▶ Exercise prompt
Restate the following entries exactly. Keep the pictures out.

Saved data entries:

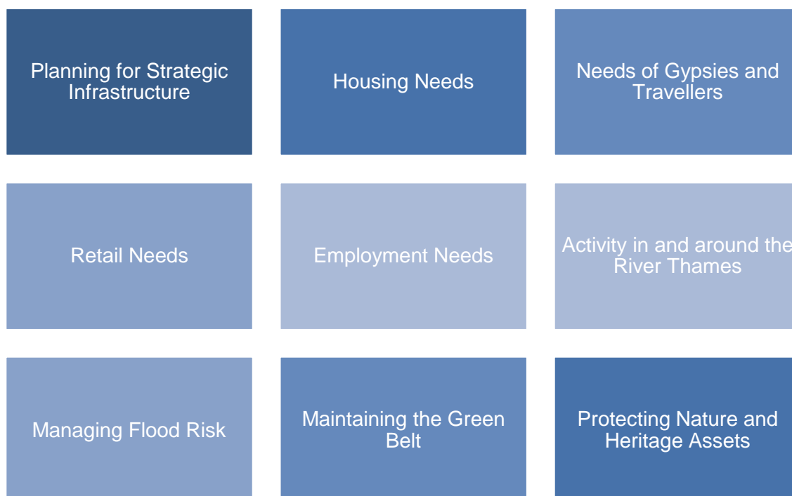
Figure 2 – Cross Boundary Issues
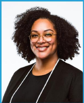
Senior Director, Program (Equity)
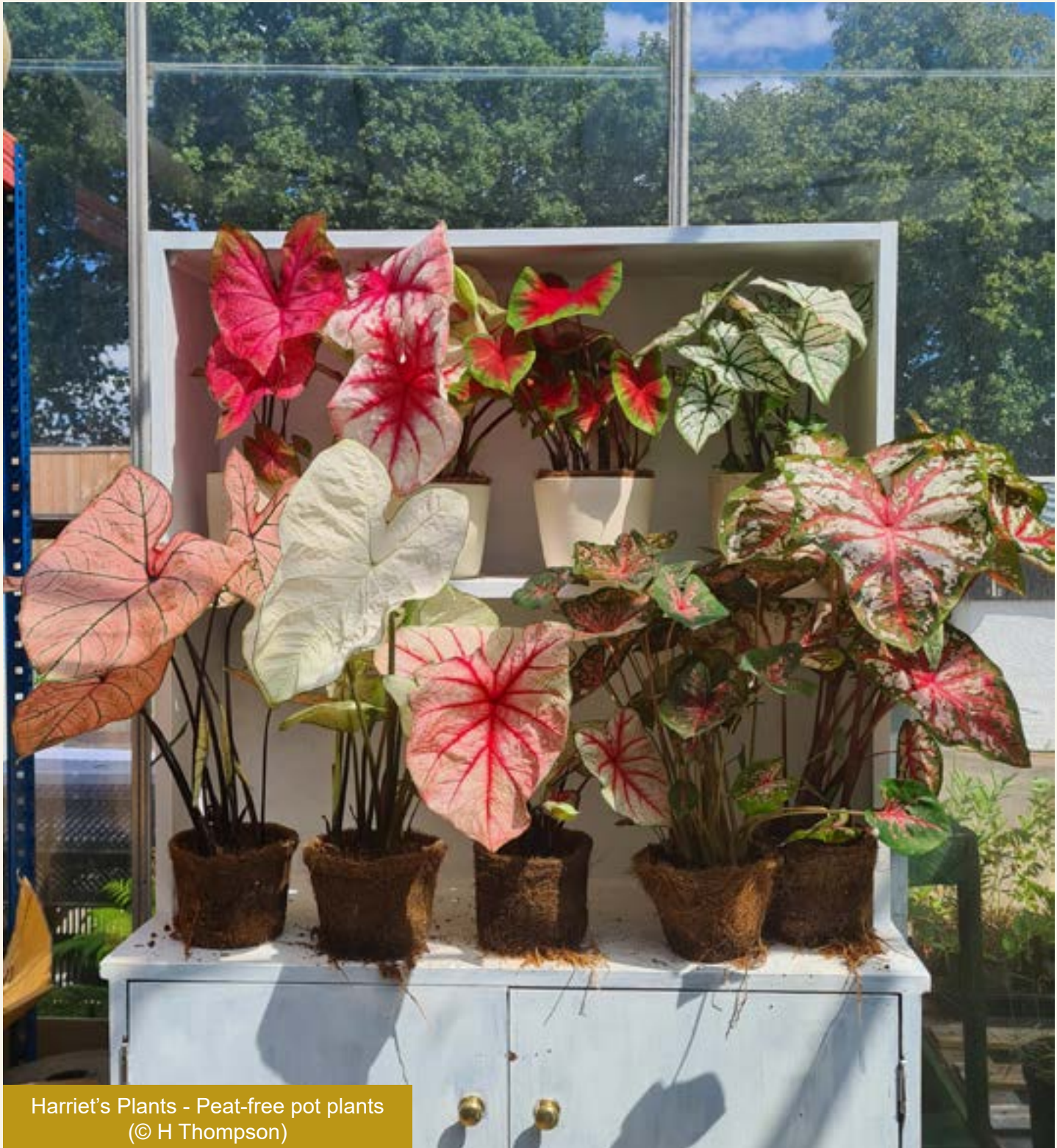
Harriet's Plants - Peat-free pot plants

"We can all do our part to reduce our impact on the planet and choosing to be peat-free is a good place to start."
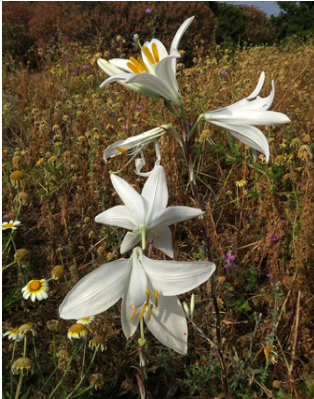
Fig. 5. Lilium candidum.
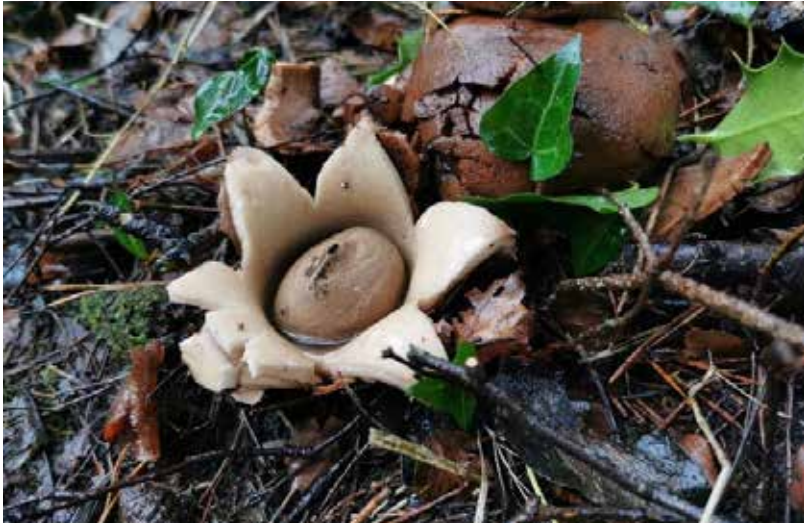
Earthstar – Gaestrum triplex
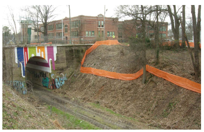
The Atlanta BeltLine path crossing with the Lucile Avenue bridge.

The project generally has been enormously successful, generating over $2.4 billion in private investment since 2005. Right now, the bulk of that development has been along the Eastside Trail, but there is momentum along every stretch of the corridor. More than economic impact, however, the Atlanta BeltLine has transformed the life of those neighborhoods by providing car-free access to shopping and restaurants, and a safe route for pedestrians and cyclists, including kids on their way to school. It is introducing an entirely new, healthy, and sustainable way of life in Atlanta.
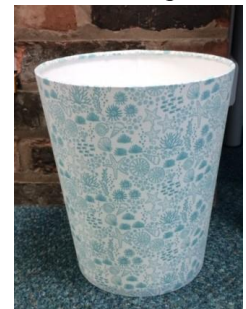
Friday 8 th February Afternoon
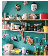
↑ My home kitchen. I love cooking and I spend a lot of time here. This is my ultimate relaxing moment after a day of work. It's meditative to me.

When was the last time you felt frustrated? How did you overcome it?
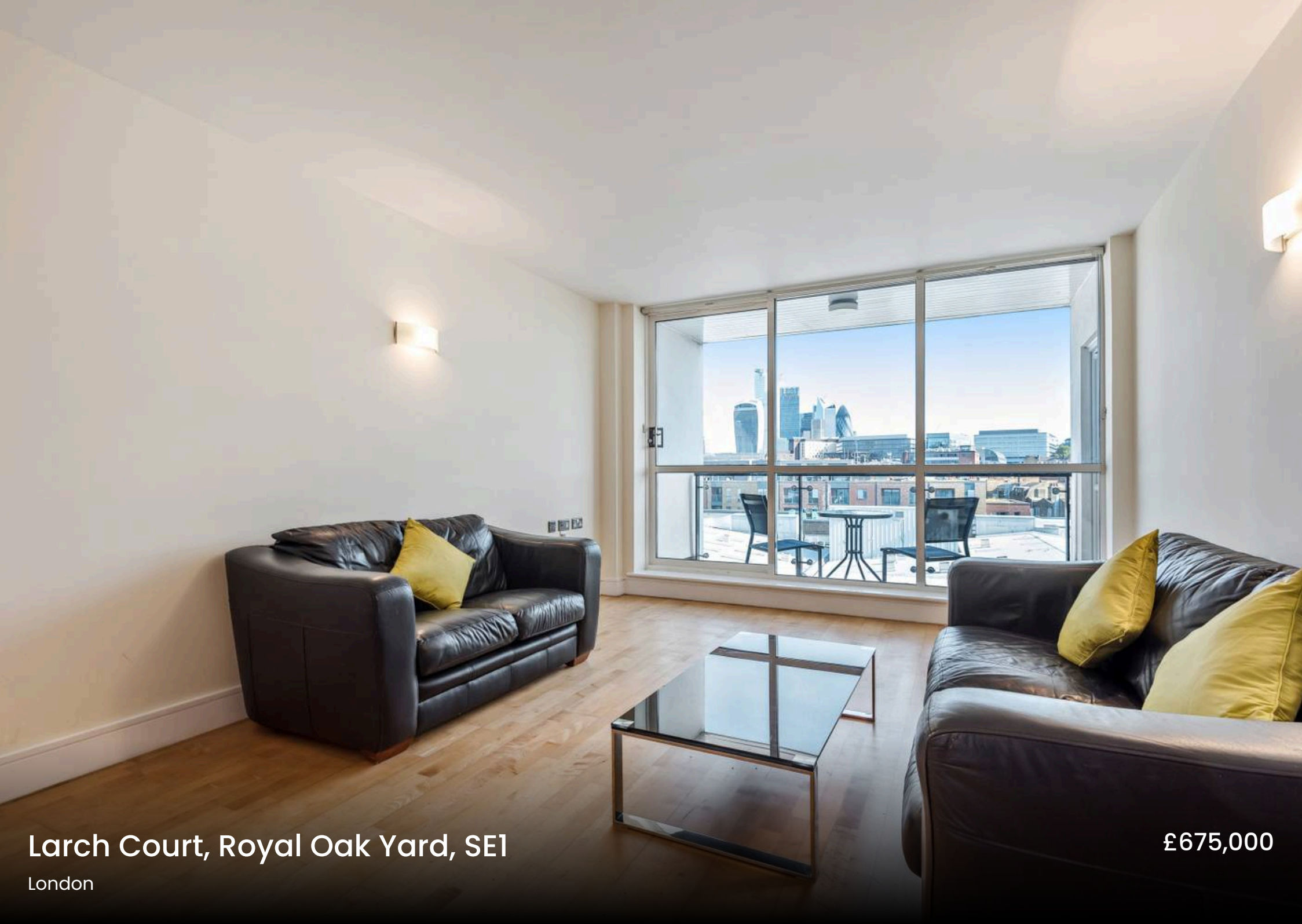
Larch Court, Royal Oak Yard, SE1 London

▶ Expected answer
Figure 2 – Cross Boundary Issues
Senior Director, Program (Equity)
Harriet's Plants - Peat-free pot plants

"We can all do our part to reduce our impact on the planet and choosing to be peat-free is a good place to start."
Fig. 5. Lilium candidum.
Earthstar – Gaestrum triplex
The Atlanta BeltLine path crossing with the Lucile Avenue bridge.

The project generally has been enormously successful, generating over $2.4 billion in private investment since 2005. Right now, the bulk of that development has been along the Eastside Trail, but there is momentum along every stretch of the corridor. More than economic impact, however, the Atlanta BeltLine has transformed the life of those neighborhoods by providing car-free access to shopping and restaurants, and a safe route for pedestrians and cyclists, including kids on their way to school. It is introducing an entirely new, healthy, and sustainable way of life in Atlanta.
Friday 8 th February Afternoon
↑ My home kitchen. I love cooking and I spend a lot of time here. This is my ultimate relaxing moment after a day of work. It's meditative to me.

When was the last time you felt frustrated? How did you overcome it?
Larch Court, Royal Oak Yard, SE1 London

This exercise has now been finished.